PHASE I: Define and develop a concept for a diode-pumped fiber coupled laser module as defined in the description.  Prove the feasibility of the concept in meeting Navy needs and establish the feasibility of producing the FCM.  Feasibility will be established by some combination of initial concept design, analysis, and modeling.  The Phase I Option, if awarded, will include the initial design specifications and capabilities description to build a prototype in Phase II. Develop a Phase II plan.

PHASE II: Based on the Phase I results and the Phase II Statement of Work (SOW), design, develop, test, and deliver prototype FCMs for evaluation.  Approximately six prototypes are desired in order to assess stability and demonstrate suitability for optical combining; however, the exact number should be proposed by the company based on the projected cost of development.  Demonstrate that the prototypes meet the parameters in the description.  Demonstrations will take place at a Government- or company-provided facility.  A manufacturability analysis will propose best-practice manufacturing methods to prepare the FCM technology for Phase III transition. The company will prepare a Phase III development plan to transition the technology for Navy laser systems production and potential commercial use.

PHASE III DUAL USE APPLICATIONS: Support the Navy in transitioning the technology to Navy use.  Further refine the FCM technology according to the Phase III development plan for evaluation and testing to determine its effectiveness and reliability in an operationally relevant environment.  Perform test and validation to certify and qualify initial production units for Navy use.  The FCM should be a fully functional and packaged sub-assembly, ready for insertion into a laser weapon system.  Produce the final product (or under license) and transition to the Government directly through technology upgrades to the Surface Navy Laser Weapon System (SNLWS) program or through insertion into new program baselines in partnership with the SNLWS prime contractor.

High power laser technology has a multitude of military, industrial, and scientific applications such as electro-optical countermeasures, materials processing, laser cutting, and materials research.  Advances resulting from this topic have wide application in these fields.

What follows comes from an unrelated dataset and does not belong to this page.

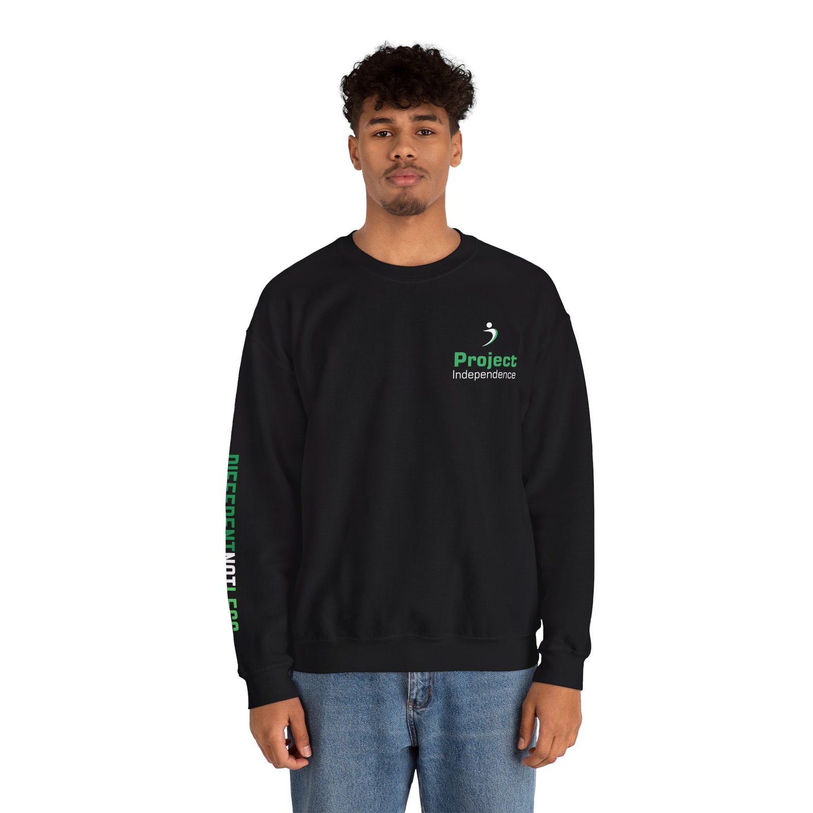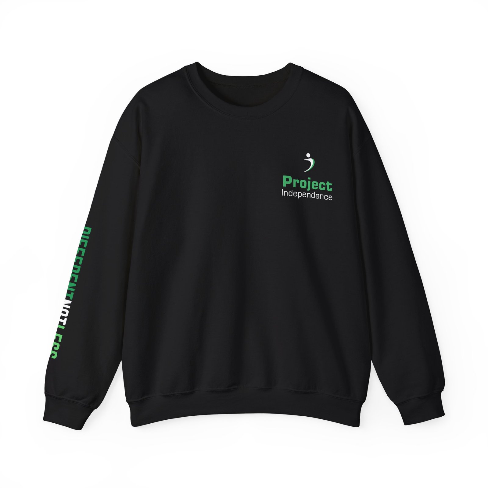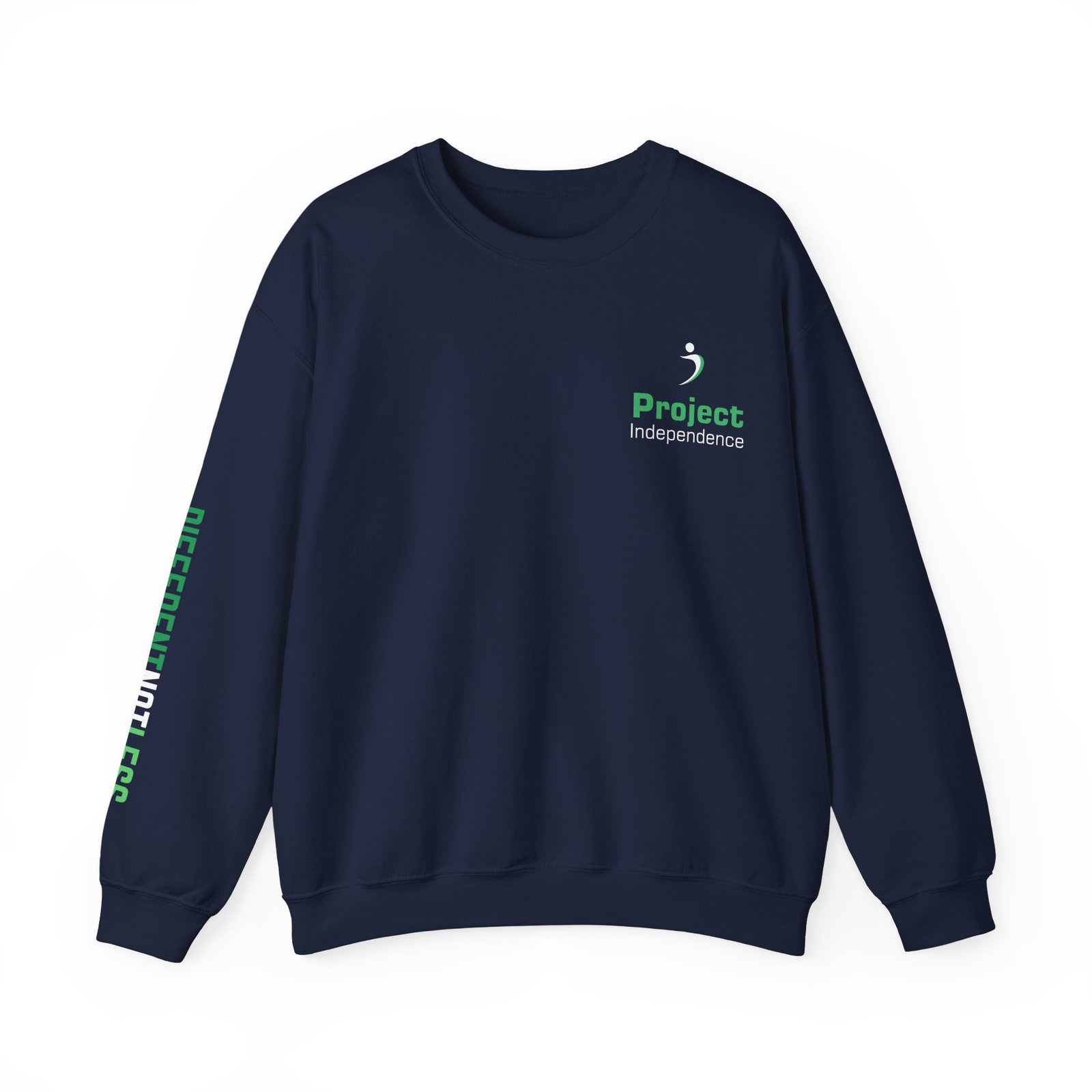 Show your PI pride in style with this cozy Gildan 18000 crewneck sweatshirt featuring the Project Independence logo embroidered on the left chest and the inspiring message “Different Not Less” printed down the right sleeve. It’s soft, durable, and perfect for cooler days—whether you’re at a program site, out in the community, or just staying comfy at home.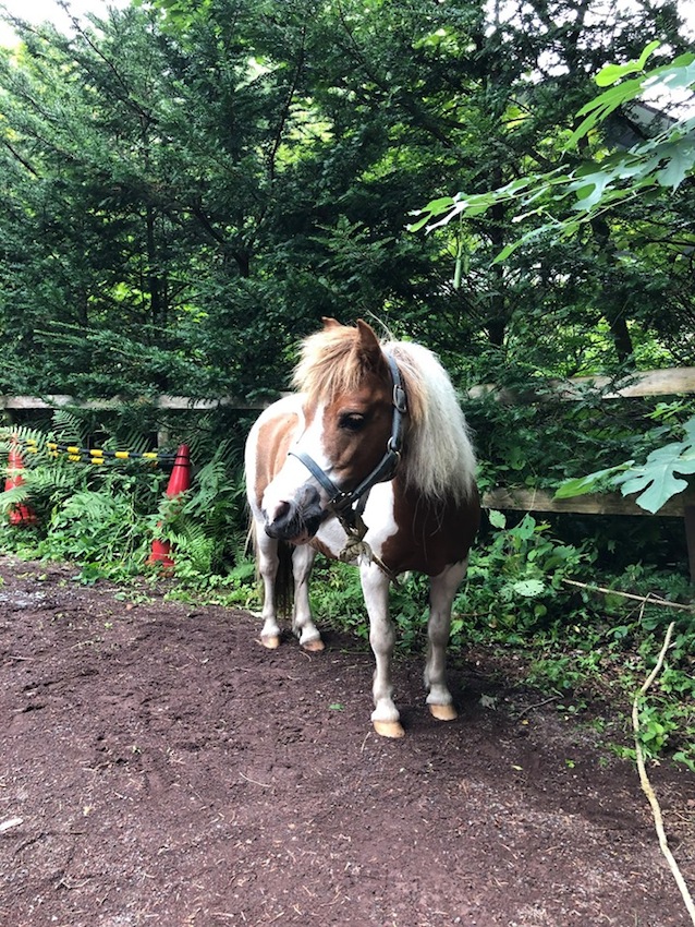 写真提供・寺田良子 8月14日16時頃、雲場池周辺にポニーが迷い込んだ。雲場池隣のレストラン雲場

1. Zervas, Michalis N. and Codemard, Christophe A. “High power fiber lasers: a review.” IEEE J. Selected Topics in Quantum Electronics, 20, September/October 2014, article sequence number 0904123, 23 pages. http://ieeexplore.ieee.org/abstract/document/6808413/?reload=true

2. McNaught, Stuart J., et al., “Scalable coherent combining of kilowatt amplifiers into a 2.4-kW beam.” IEEE J. Selected Topics in Quantum Electronics, 20, September/October 2014, article sequence number 0901008, 8 pages. http://ieeexplore.ieee.org/abstract/document/6732914/

KEYWORDS: High-Energy Laser; Laser Weapons; Fiber Coupled Module; Optical Power Density; Fiber Coupling; Fiber Core


These Navy Topics are part of the overall DoD 2018.1 SBIR BAA. The DoD issued its 2018.1 BAA SBIR pre-release on November 29, 2017, which opens to receive proposals on January 8, 2018, and closes February 7, 2018 at 8:00 PM ET.